"It would be really weird not have it," says Dr. Joel Salinas, who has mirror-touch synesthesia

By Caitlin Keating
Updated July 30, 2015 12:05 PM

A Boston doctor was born with a skill that he never could have learned in medical school.

Dr. Joel Salinas, a neurologist at Massachusetts General Hospital, can actually physically feel his patients’ pain.

Salinas has a rare condition called mirror-touch synesthesia, which has allowed him to physically feel the pain of others since he was a child. The condition, which is believed to affect one to two percent of the population, makes people experience several senses at the same time.

“When I see people, I have a sensation of whatever touches their body on my own body as well and it’s kind of reflected as a mirror,” he told CBS.
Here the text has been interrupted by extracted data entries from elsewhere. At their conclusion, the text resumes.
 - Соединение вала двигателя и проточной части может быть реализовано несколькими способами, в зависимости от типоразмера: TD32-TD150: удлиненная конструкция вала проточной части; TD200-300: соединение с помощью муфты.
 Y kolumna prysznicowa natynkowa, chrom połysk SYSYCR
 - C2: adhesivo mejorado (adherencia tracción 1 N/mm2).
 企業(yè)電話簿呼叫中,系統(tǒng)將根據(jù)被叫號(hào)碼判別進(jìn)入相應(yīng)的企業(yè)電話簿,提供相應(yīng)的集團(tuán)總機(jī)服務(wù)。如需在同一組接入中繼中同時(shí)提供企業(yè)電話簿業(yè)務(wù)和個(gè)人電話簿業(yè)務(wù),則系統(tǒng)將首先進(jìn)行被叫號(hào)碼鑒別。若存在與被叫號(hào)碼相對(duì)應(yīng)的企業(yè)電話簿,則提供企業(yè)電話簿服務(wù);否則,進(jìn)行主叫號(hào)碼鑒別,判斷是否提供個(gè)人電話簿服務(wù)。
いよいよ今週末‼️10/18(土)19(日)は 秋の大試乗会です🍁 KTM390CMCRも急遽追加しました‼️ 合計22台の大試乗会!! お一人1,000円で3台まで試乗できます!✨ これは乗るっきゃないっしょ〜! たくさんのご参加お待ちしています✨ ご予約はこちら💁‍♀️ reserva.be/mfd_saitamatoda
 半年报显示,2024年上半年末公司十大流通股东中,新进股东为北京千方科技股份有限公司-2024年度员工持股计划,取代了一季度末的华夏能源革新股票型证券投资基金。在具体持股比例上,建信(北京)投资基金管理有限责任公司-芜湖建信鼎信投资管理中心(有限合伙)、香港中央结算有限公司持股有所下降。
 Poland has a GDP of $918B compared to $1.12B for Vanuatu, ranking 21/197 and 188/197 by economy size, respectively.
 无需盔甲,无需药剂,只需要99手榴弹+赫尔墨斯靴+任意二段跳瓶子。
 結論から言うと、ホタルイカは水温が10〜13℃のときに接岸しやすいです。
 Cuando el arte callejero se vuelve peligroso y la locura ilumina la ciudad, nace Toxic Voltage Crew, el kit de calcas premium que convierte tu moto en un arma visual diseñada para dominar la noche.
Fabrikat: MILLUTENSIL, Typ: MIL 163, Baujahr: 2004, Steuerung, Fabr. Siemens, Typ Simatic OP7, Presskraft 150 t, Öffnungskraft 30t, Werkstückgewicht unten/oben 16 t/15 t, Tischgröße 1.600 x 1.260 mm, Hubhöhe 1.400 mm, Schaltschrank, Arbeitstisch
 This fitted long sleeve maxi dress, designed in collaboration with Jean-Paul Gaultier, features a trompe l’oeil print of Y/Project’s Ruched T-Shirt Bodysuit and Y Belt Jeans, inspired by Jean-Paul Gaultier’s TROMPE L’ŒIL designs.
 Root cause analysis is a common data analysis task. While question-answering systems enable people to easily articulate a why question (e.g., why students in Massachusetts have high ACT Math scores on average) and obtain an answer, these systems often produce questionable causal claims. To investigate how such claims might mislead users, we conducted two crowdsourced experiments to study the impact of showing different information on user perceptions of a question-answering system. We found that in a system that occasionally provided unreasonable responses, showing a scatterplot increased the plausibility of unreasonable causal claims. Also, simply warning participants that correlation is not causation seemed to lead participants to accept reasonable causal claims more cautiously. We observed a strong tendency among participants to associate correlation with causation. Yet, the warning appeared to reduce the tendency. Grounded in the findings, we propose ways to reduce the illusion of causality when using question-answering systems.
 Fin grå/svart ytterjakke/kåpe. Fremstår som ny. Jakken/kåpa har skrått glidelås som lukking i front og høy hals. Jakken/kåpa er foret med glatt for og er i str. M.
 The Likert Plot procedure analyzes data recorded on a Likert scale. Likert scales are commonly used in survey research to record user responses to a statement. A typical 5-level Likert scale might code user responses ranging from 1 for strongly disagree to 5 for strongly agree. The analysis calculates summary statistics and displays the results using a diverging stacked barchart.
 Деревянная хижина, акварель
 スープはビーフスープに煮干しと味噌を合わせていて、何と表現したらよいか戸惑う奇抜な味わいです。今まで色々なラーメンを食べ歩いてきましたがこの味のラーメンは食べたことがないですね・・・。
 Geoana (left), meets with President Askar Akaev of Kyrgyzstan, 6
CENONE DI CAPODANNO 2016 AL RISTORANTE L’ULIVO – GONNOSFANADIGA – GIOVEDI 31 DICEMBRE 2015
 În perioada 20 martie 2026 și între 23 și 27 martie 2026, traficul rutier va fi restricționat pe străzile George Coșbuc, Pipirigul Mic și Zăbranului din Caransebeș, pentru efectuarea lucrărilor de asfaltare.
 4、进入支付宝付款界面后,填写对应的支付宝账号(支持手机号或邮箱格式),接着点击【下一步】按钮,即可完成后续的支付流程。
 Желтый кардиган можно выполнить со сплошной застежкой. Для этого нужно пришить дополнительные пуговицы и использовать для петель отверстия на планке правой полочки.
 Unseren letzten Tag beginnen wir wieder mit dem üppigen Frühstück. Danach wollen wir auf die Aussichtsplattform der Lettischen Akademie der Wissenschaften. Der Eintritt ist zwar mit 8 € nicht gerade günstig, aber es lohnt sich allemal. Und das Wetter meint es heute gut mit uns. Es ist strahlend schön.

For some, the amount of empathy and physical pain they can feel from others is overpowering.

“They’re kind of crushed by those sensations because it’s too much and it’s overwhelming,” he said. “They develop issues with anxiety and depression and essentially become shut-ins at times.”

“When I was a kid, having these experiences where I would see someone hug, I would feel the hug on myself or if I would see someone get hit, I felt the sensation on me as well,” he said.

Salinas recalled a time during medical school when a patient’s arm had to be amputated from an accident.

“I remember feeling as though my arm was dismembered and I could feel the blood,” he said.

But the condition has only helped Salinas relate to his patients.

“I think it’s empowered me to really connect with my patients,” he says. “There’s a wall that’s torn down when you feel a lot of the sensations that your patients feel as well. It’s like being aggressively put in somebody else’s shoes.”